Message par freric »

EDGAR P. JACOBS

La bande dessinée est au fond une sorte d'opéra dessiné

Quelle est la raison pour laquelle, par une soirée sombre et morne, la pluie battante hurle autour de la maison et vous ressentez un fort besoin de distraction et de chaleur qui vous pousse vers la bibliothèque, d'où vous sortez à plusieurs reprises les histoires de Blake et Mortimer ? Un album d'Edgar Jacobs occupe toute votre soirée et vous vous abandonnez alors pendant plusieurs heures à un monde construit à partir d'une imagination qui ne s'est pas emballée, mais qui maintient constamment le sentiment que tous les événements sont réels. Même si des guerres mondiales sont menées avec des armes hautement futuristes, que les gens sont privés de leur volonté, que la météo est utilisée comme arme de guerre, que des sauriens sont combattus et même que des peuples entiers sont envoyés dans l'univers, les histoires de Jacobs conservent toujours cette atmosphère distincte de réalité qui entraîne le lecteur dans des événements qui seraient simplement exaspérants s'ils étaient racontés à nouveau.

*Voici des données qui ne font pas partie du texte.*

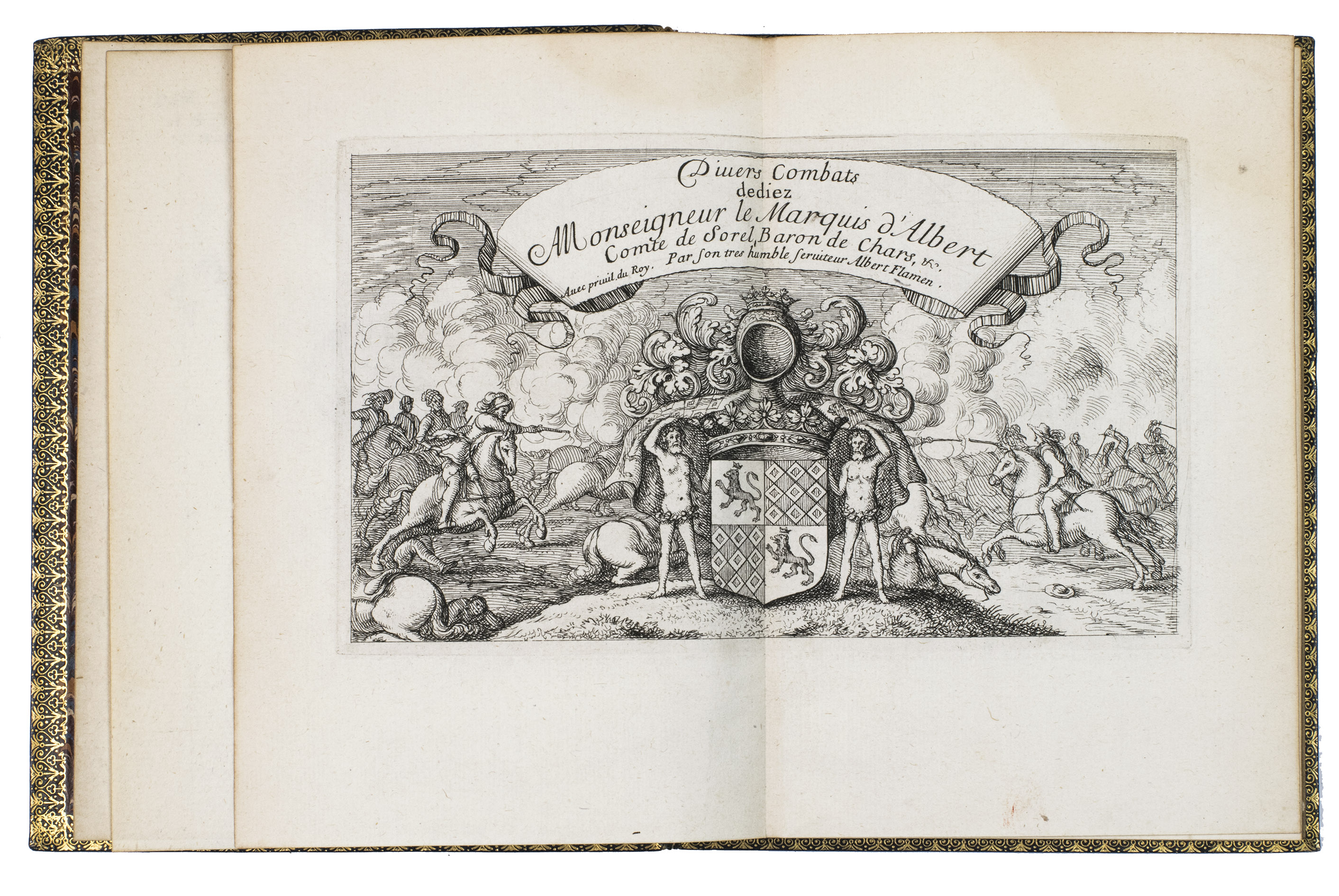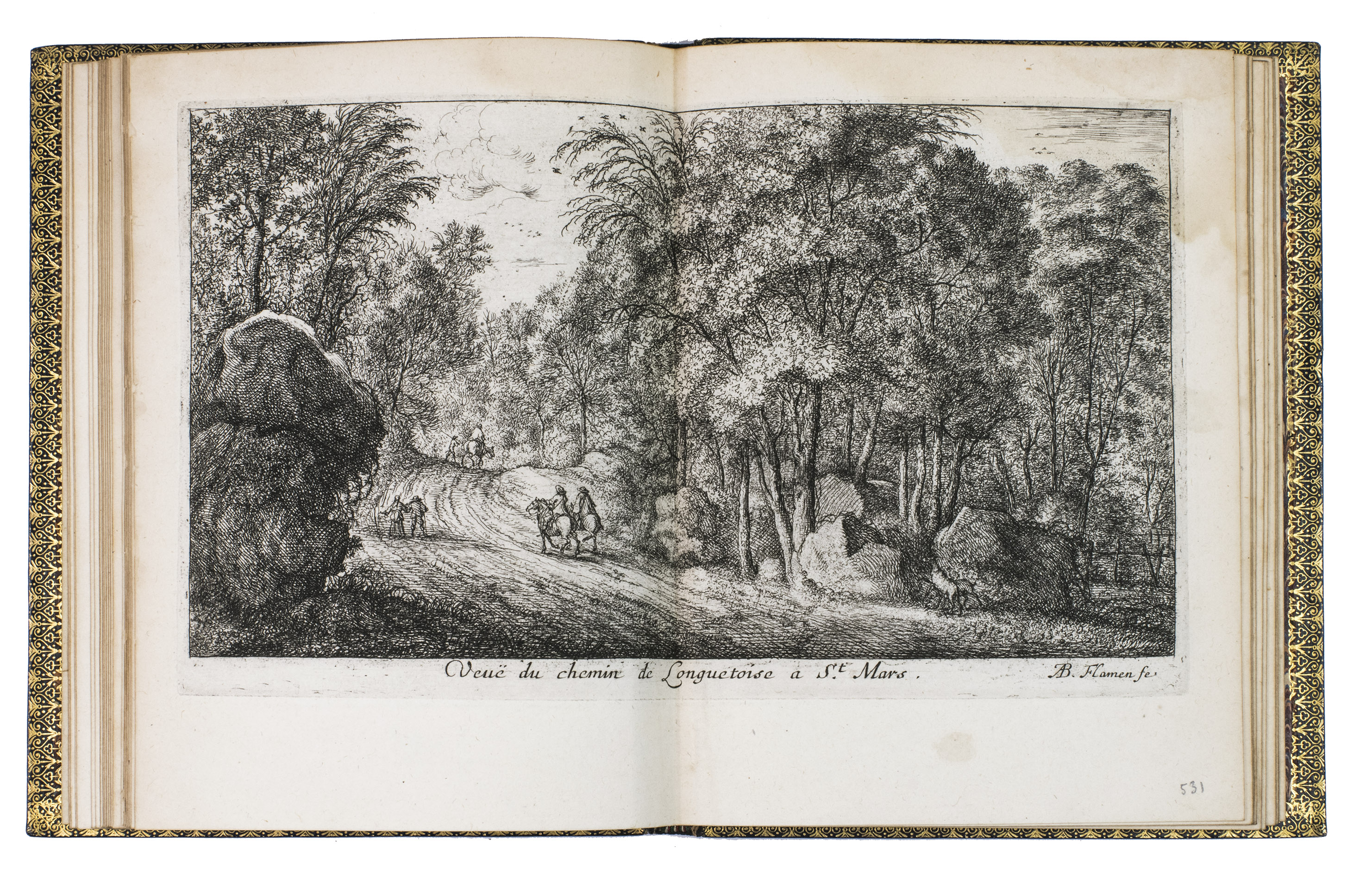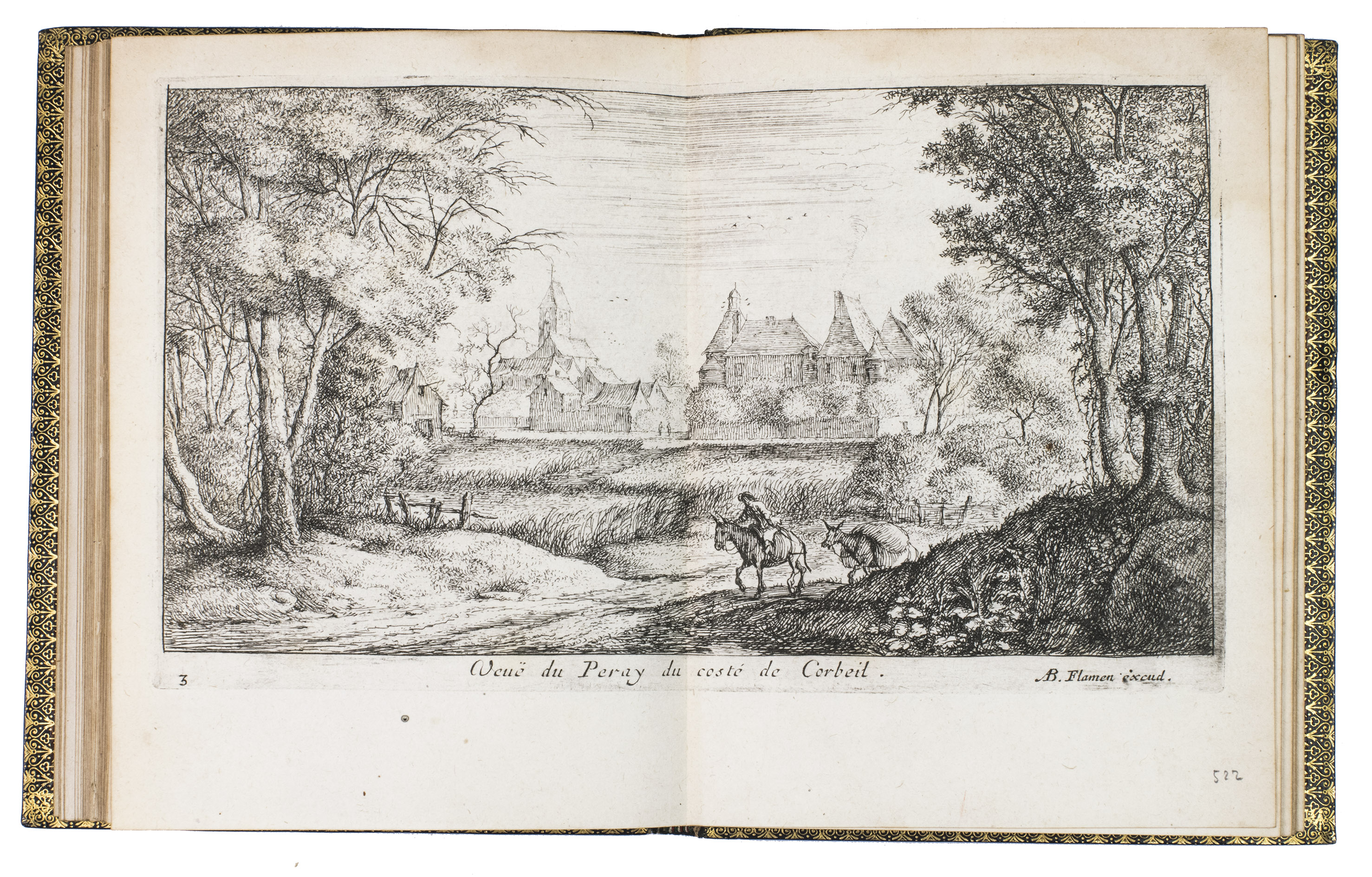 Five series of finely executed and well-printed etchings by Albert Flamen, mostly in their first states and all in early states, the five series showing: 1) cavalry fighting viewed from the thick of the battle; 2) wild and domestic animals on or around a farm; 3) views of Château de Longuetoise and its surroundings in Chalo-Saint-Mars, southwest of Paris; 4) views of several areas near Paris; and 5) pastoral views in an unidentified location. Flamen (ca. 1620?-1693 or soon after), a painter, draughtsman and etcher born in Bruges, worked in Paris from 1648 to 1692. He belonged to the French school of Callot and worked mostly after his own designs.
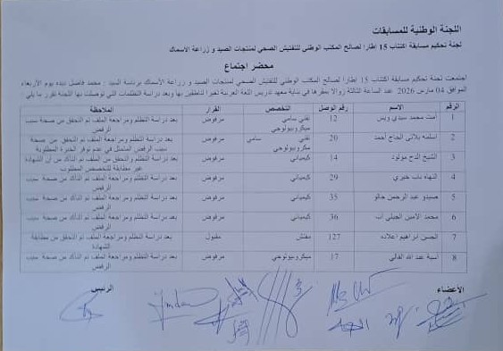 اجتمعت لجنة تحكيم مسابقة اكتتاب 15 إطارا لصالح المكتب الوطني للتفتيش الصحي برئاسة السيد : محمد فاضل ديده اليوم الأربعاء الموافق 04/03/2026 عند الساعة الثالثة بعد الظهر بمقرها في بناية معهد تدريس اللغة العربية لغير الناطقين بها.
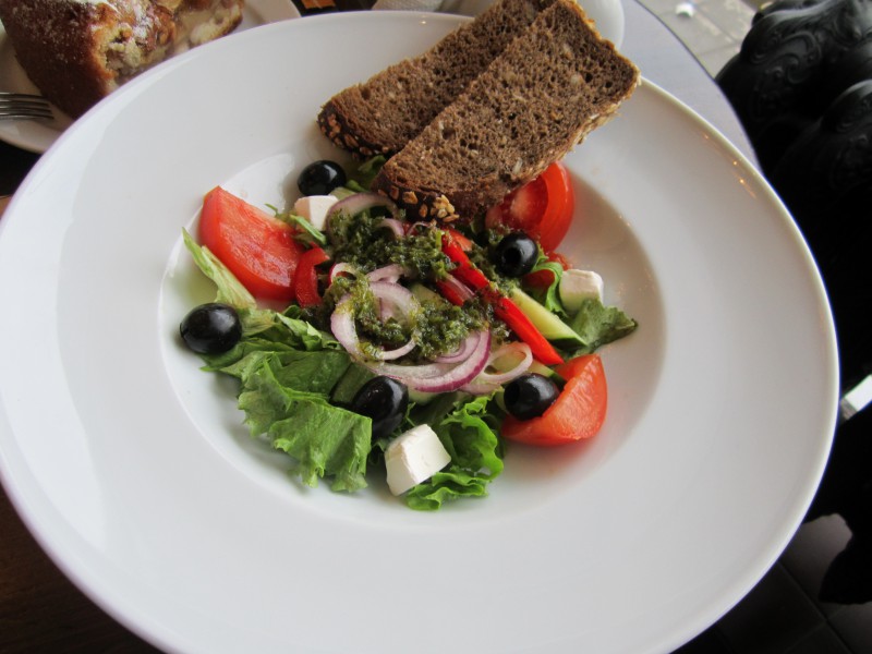 Сел с видом из окна-витрины. Посидел прекрасно! Хотя столик маленький, но и поднос и огромная тарелка с греческим салатом уместились на такой маленькой площади. По вкусу - салат греческий в пределах нормы, практически хорошо, хотя в Поле бывает и лучше. Капучино и макарунс на все пять. Чай и пирог швейцарский на пять с плюсом.

D'où la capacité d'E.P. Jacobs à captiver sans cesse les nouvelles générations? Un jeune lecteur de Pep lisant "La Grande Pyramide", vingt ans après la création de l'histoire, est au moins aussi fasciné que l'étaient les lecteurs de Tintin à la fin des années quarante. Et ce, malgré les voitures rectangulaires, les avions ventrus et les pantalons beaucoup trop larges qui caractérisent cette époque.

D'ailleurs, comment expliquer que nous aussi, très jeunes, nous étions fascinés par les histoires de Jacobs? Nous n'avions jamais entendu parler de télékinésie et d'électromagnétisme, nous ne comprenions pas un seul mot des termes scientifiques qui nous étaient lancés, et pourtant nous comptions Blake et Mortimer parmi nos héros de bande dessinée préférés.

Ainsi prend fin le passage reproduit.